> Records to process:
_ _ _

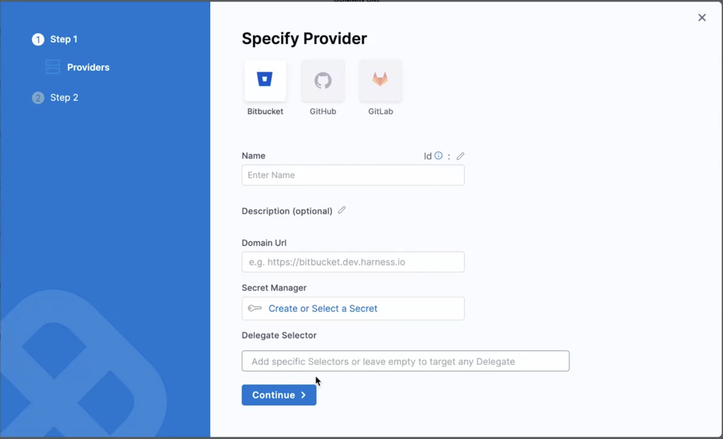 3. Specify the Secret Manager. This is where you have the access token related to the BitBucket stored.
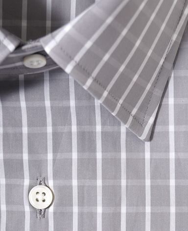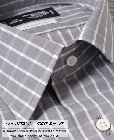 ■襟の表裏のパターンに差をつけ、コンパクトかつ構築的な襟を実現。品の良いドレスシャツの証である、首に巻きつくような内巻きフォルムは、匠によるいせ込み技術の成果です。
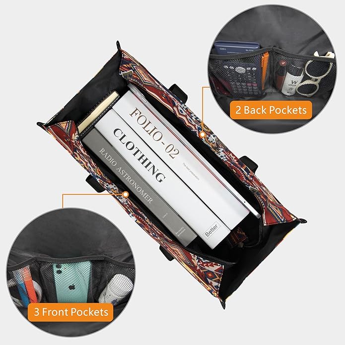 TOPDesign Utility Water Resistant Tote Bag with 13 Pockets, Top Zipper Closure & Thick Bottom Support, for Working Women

_ _ _

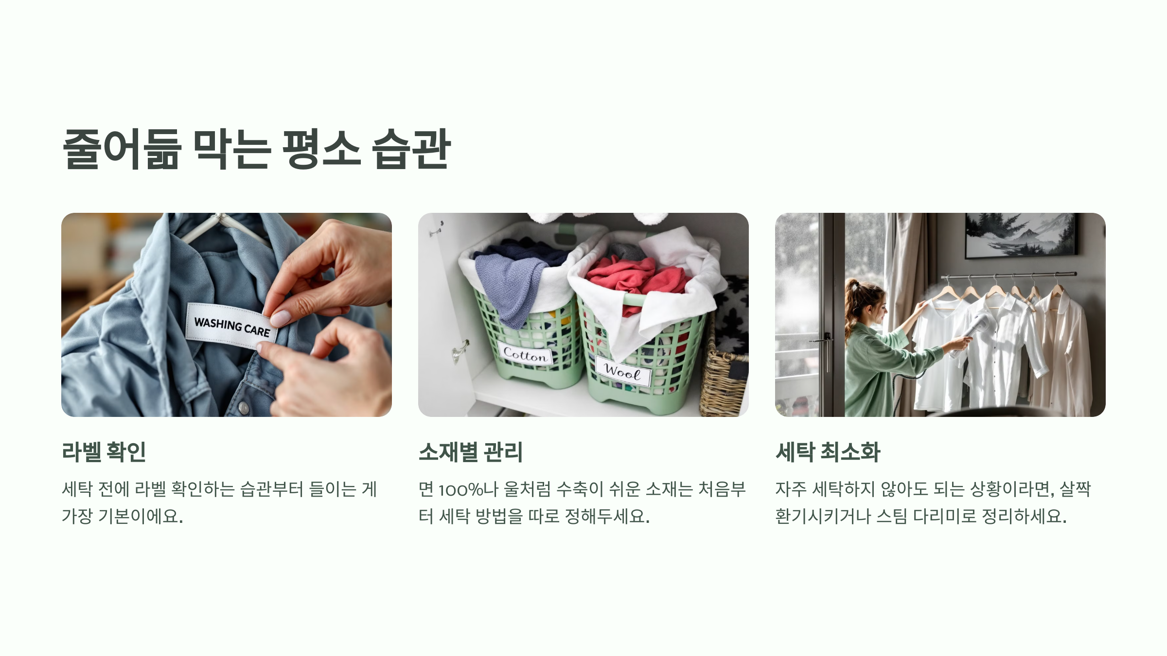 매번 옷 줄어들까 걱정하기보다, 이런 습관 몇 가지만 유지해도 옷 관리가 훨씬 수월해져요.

_ _ _

> What you are asked to do: Find the line with "3. Specify the" in the entries above. Set down exactly every line from it up to and including the line with "TOPDesign Utility Water", images excluded.

> Response to the exercise:
 3. Specify the Secret Manager. This is where you have the access token related to the BitBucket stored.
 ■襟の表裏のパターンに差をつけ、コンパクトかつ構築的な襟を実現。品の良いドレスシャツの証である、首に巻きつくような内巻きフォルムは、匠によるいせ込み技術の成果です。
 TOPDesign Utility Water Resistant Tote Bag with 13 Pockets, Top Zipper Closure & Thick Bottom Support, for Working Women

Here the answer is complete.